== Source data ==

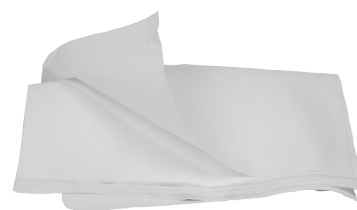
Pezzame Sintex Bianco ART. 1040
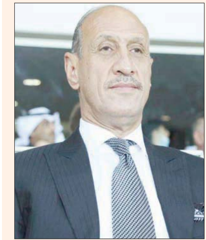
عدنان درجال (الشرق الأوسط)

وأكد مدرب الأهلي عدم قدرة مواطنه الكساندرو ميتريتا على المشاركة في مواجهة الليلة لمعاناته
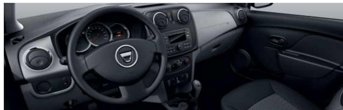
Aire acondicionado y Dacia Plug&Radio de serie.
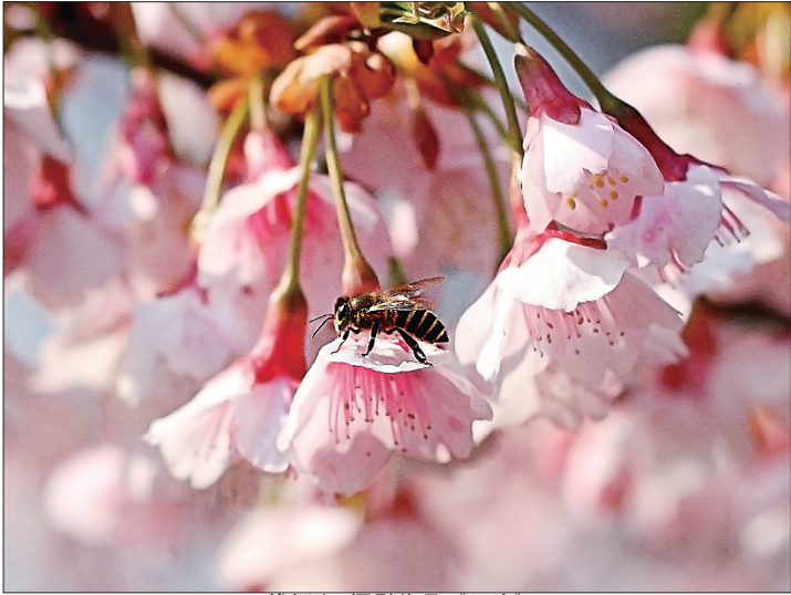
钱振兴 摄影作品《闻香》

人生之尺,对某些人是财富、指南针、定盘星。有了它,平平安安、高高兴兴,洒脱快乐一辈子。
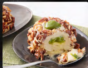
Crocante al pistacchio €4.50 Dessert semifreddo con crema al pistacchio con cuore al pistacchio, decorato con granella di mandorle caramellate.
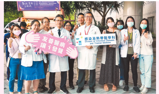
不到病毒時不具傳染力，以促進疾病平權觀念，推動愛滋友善醫病關係。

三總院長洪少將出席響應活動時表示，希望透過醫護與患者在活動中的良好互動，減少過去大眾對於愛滋感染者的偏見與歧視，傳遞愛滋感染者「U=U」測

===

What the exercise asks: Output the line containing "钱振兴 摄影作品《闻香》" and each line after it, through the end of the material, exactly as given. No pictures belong in the output.

Response to the task:
钱振兴 摄影作品《闻香》

人生之尺,对某些人是财富、指南针、定盘星。有了它,平平安安、高高兴兴,洒脱快乐一辈子。
Crocante al pistacchio €4.50 Dessert semifreddo con crema al pistacchio con cuore al pistacchio, decorato con granella di mandorle caramellate.
不到病毒時不具傳染力，以促進疾病平權觀念，推動愛滋友善醫病關係。

三總院長洪少將出席響應活動時表示，希望透過醫護與患者在活動中的良好互動，減少過去大眾對於愛滋感染者的偏見與歧視，傳遞愛滋感染者「U=U」測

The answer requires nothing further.